Transformación que exigiría, tal y como ha propuesto al respecto Joseph Raz, que
reconsideremos las condiciones que presenta nuestra sociedad, tomando la debida
conciencia de que ésta ha dejado de ser una sociedad integrada por una mayoría en cierta
medido homogénea junto a distintas minorías, al haber pasado a estar constituida por una
pluralidad de grupos culturales. La inmigración se ha transformado en un hecho social que
ha terminado por afectar profundamente al núcleo sensible del poder político, por su
importancia en algunos de los conceptos articulados del proceso de construcción del Estado,
como la soberanía nacional, las concepciones de identidad, la desagregación de la
ciudadanía…

Por decirlo con los términos de que se sirve el profesor de la Universidad italiana de Trieste
Edoardo Clebo: “Sobre el trasfondo constituido por los procesos de globalización, el desafío
que el multiculturalismo plantea a la democracia contemporánea está constituido por la
necesidad de considerar a los ciudadanos como iguales, sin dejar de contemplar sus distintas
exigencias: por un lado, respetar la identidad de cada individuo con independencia de su
sexo, raza o etnia; por otro lado, tutelar prácticas y formas de vida sostenidas. No se trata
sólo de igualar las condiciones de existencia, sino de proteger, incluso a través de eventuales
beneficios reequilibratorios, la integridad de las formas de vida de quienes resultan de algún
modo en desventaja, por pertenecer a alguna minoría e impedir que el sistema democrático
se mantenga ciego, no sólo antes las diferencias sociales, sino también frente a las
diferencias culturales. El principio de paridad de tratamiento debe así valerse de programas
políticos, en condiciones de equilibrar la universalización de los derechos subjetivos, en una
política sensible a las diferencias culturales, tutelando la integración de los individuos incluso
en relación con la forma de vida que es constitutiva de su identidad.

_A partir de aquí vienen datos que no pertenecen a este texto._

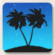 Untersetzer in einer schwarzen Silhouette von Palmen vor einem Abend blauen Farbverlauf mit Sternen
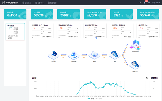 WebGate BPM支持服务路径和应用架构根据数据自动更新,以拓扑图方式直观呈现,形成立体全面的业务监控模型,实现单笔业务调用和整体业务系统架构动态可视化展现。
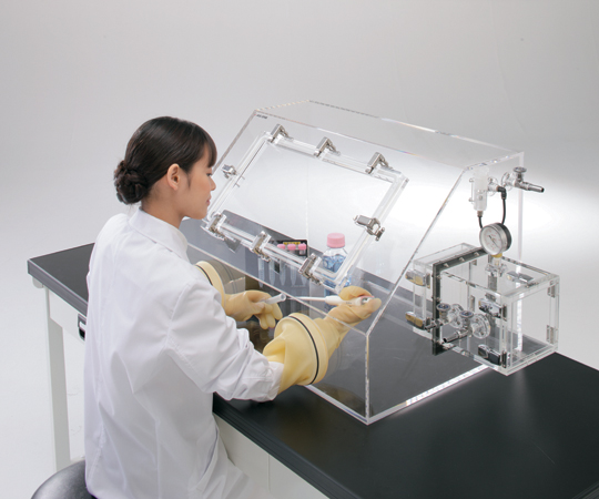 ●パスボックスは真空引き方式でガス置換できます。●本体は陽圧用の安全弁(100mmH2O=980Pa)付きです。●庫内の環境をモニタリングする際に必要な酸素モニターを標準装備しています。またモニタホルダーは角度調整可能です。●本体内部にコンセントが付いています。●エアタイト800Xモニター付きPC(コンセント付き)●材質:本体/透明PMMA(アクリル樹脂)、センサーベース/PMMA(アクリル)10mm厚、バルブ・真空取付部/ポリカーボネート、(酸素濃度計ホルダー)ベース板/PVC 5mm厚、トルクヒンジ(SUS)、ヒンジベース/PMMA(アクリル)10mm厚●パスボックス許容真空度:1Torr(約133Pa)●パスボックス内寸法:150×150×220mm●酸素濃度測定範囲:0~25.0%●重量:36kg●付属品:バルブ(外径φ8mm・φ14mm)×各2個・真空ゲージ×1個・グローブボックス用手袋(大)×1双●※特注及び追加工可能です。
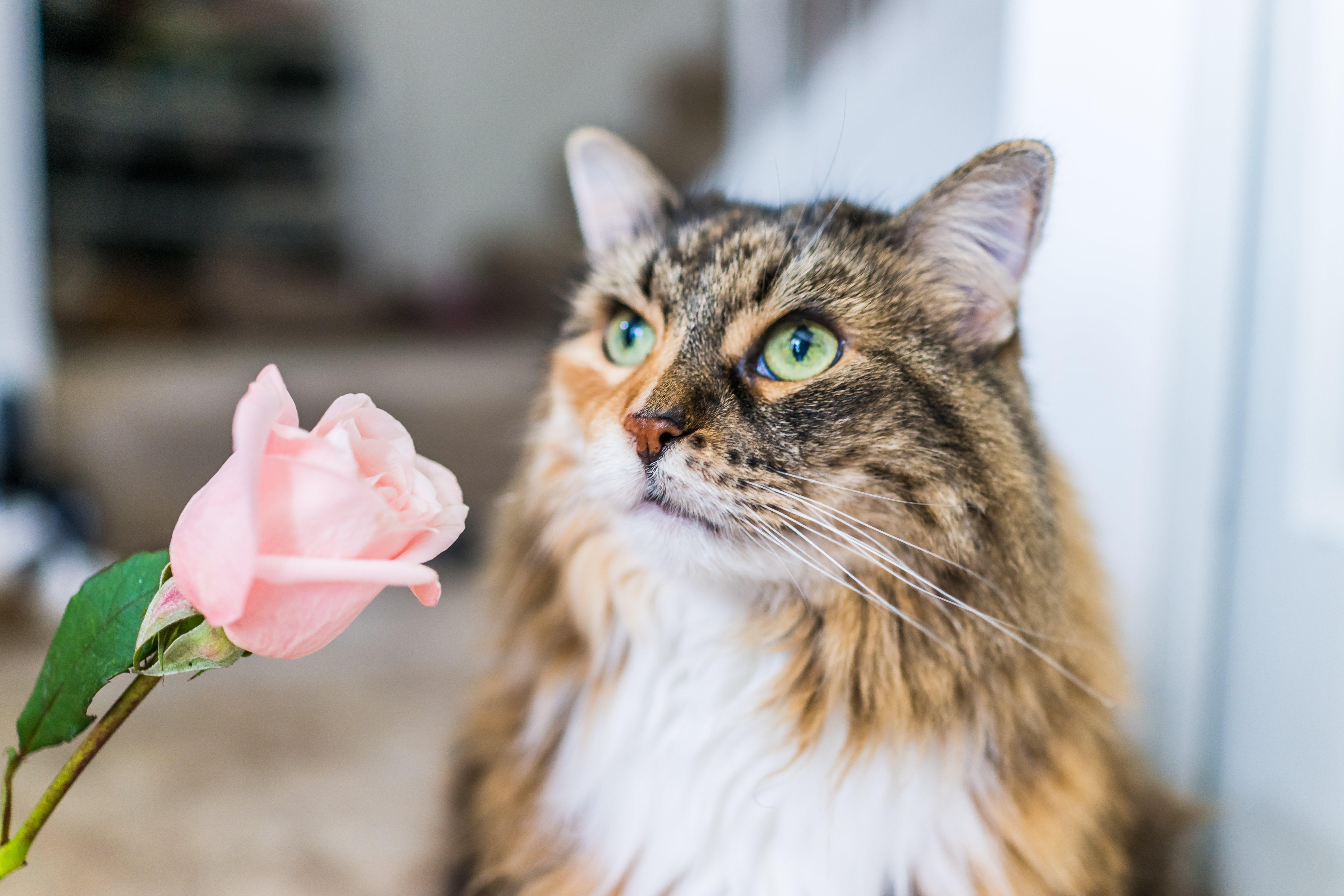 rose-pink-flower-cat
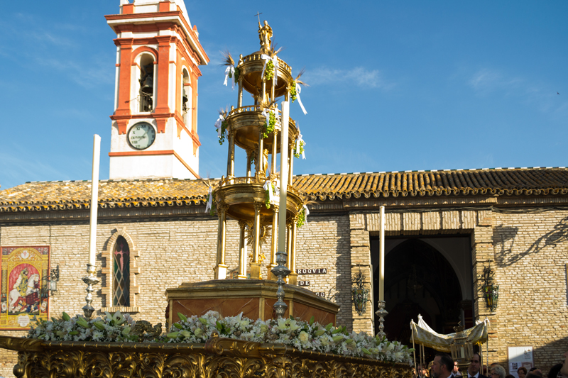 El pasado domingo 23 de junio, la Parroquia de Santiago Apóstol y Purísima Concepción de Castilleja de la Cuesta celebró la Solemnidad del Cuerpo y la Sangre de Nuestro Señor Jesucristo. A las ocho de la mañana daba comienzo la Solemnísima Función en el templo parroquial de Santiago Apóstol, presidida por nuestro párroco y director espiritual, D. José María Losada Lahera, y musicalizada por nuestro Coro Litúrgico.
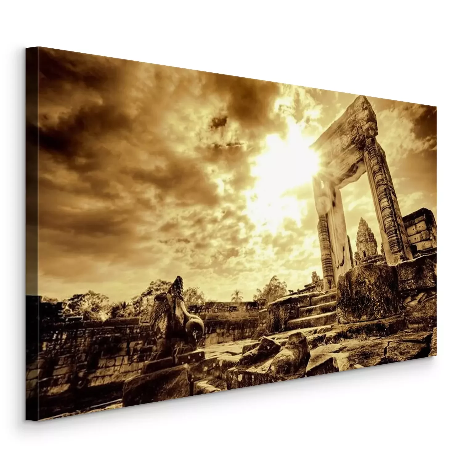Tableau : Porte Lone debout dans les ruines du temple désolées
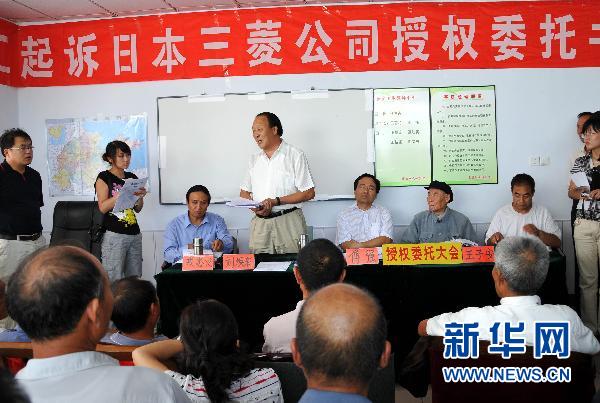 当日,他们代表二战期间被掳日本的上千名劳工在委托起诉授权书上签字,启动对日本三菱公司在华机构的民事诉讼,寻求公平合法的战后赔偿。这是中国劳工首次在国内集体对日企业提起民事诉讼,同时首次实现了对日诉讼适用中国法律和由中国律师代理。三菱材料公司是二战期间众多奴役中国劳工的日本企业中的一个。资料显示,自日本发动侵华战争,至1945年正式投降,日本共有35家企业的135个作业点强掳和奴役了中国劳工。中国共有近4万名劳工被强行抓到日本做苦役,期间一些人受尽迫害,致约7000人死亡。这是签字仪式现场。 新华社记者刘宝森摄
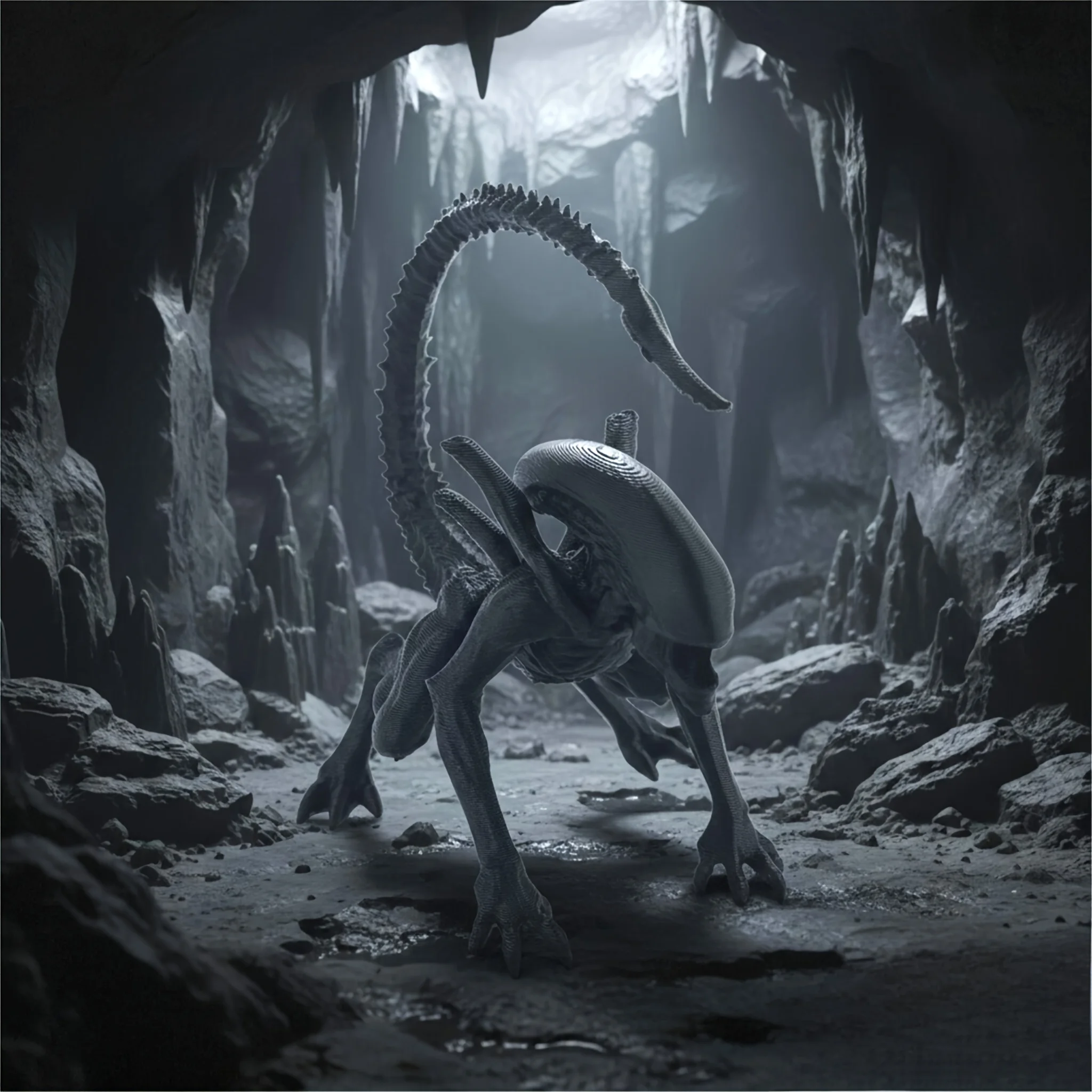 A sci-fi style black alien modeling ornaments, desktop decoration by hand, sci-fi enthusiasts collection decoration
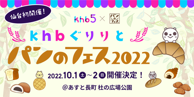 今回はkhb東日本放送とコラボレートし、仙台初となる『パンのフェス』を2022年10月1日(土)~2日(日)の2日間、「あすと長町 杜の広場公園」にて開催いたします。
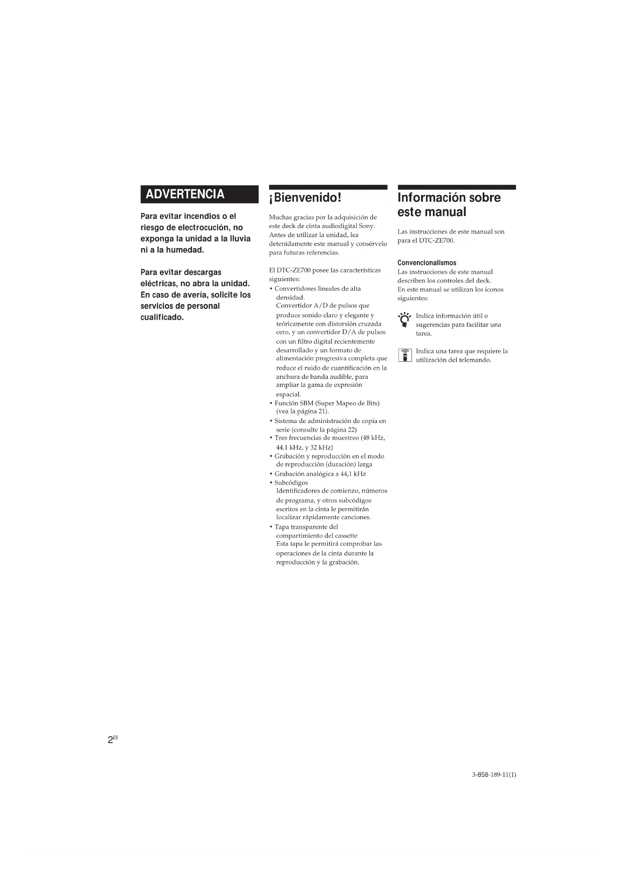 3-858-189-11(1) ADVERTENCIA Para evitar incendios o el riesgo de electrocución, no exponga la unidad a la lluvia ni a la humedad. Para evitar descargas eléctricas, no abra la unidad. En caso de avería, solicite los servicios de personal cualificado. ¡Bienvenido! Muchas gracias por la adquisición de este deck de cinta audiodigital Sony. Antes de utilizar la unidad, lea detenidamente este manual y consérvelo para futuras referencias. El DTC-ZE700 posee las características siguientes:

Además, el problema que suscita el multiculturalismo implica la cuestión de la neutralidad


del procedimiento democrático de producción jurídica en un contexto de conflicto entre
valores. A la democracia contemporánea se le impone de este modo la necesidad de
salvaguardar, manteniéndolos sin embargo diferenciados, dos niveles distintos de
integración, en cuanto la convivencia jurídicamente equiparada de las diferentes formas de
vida debe tutelar la integración intercultural de grupos y culturas dotados de una identidad
propia, separándola de la integración política formal.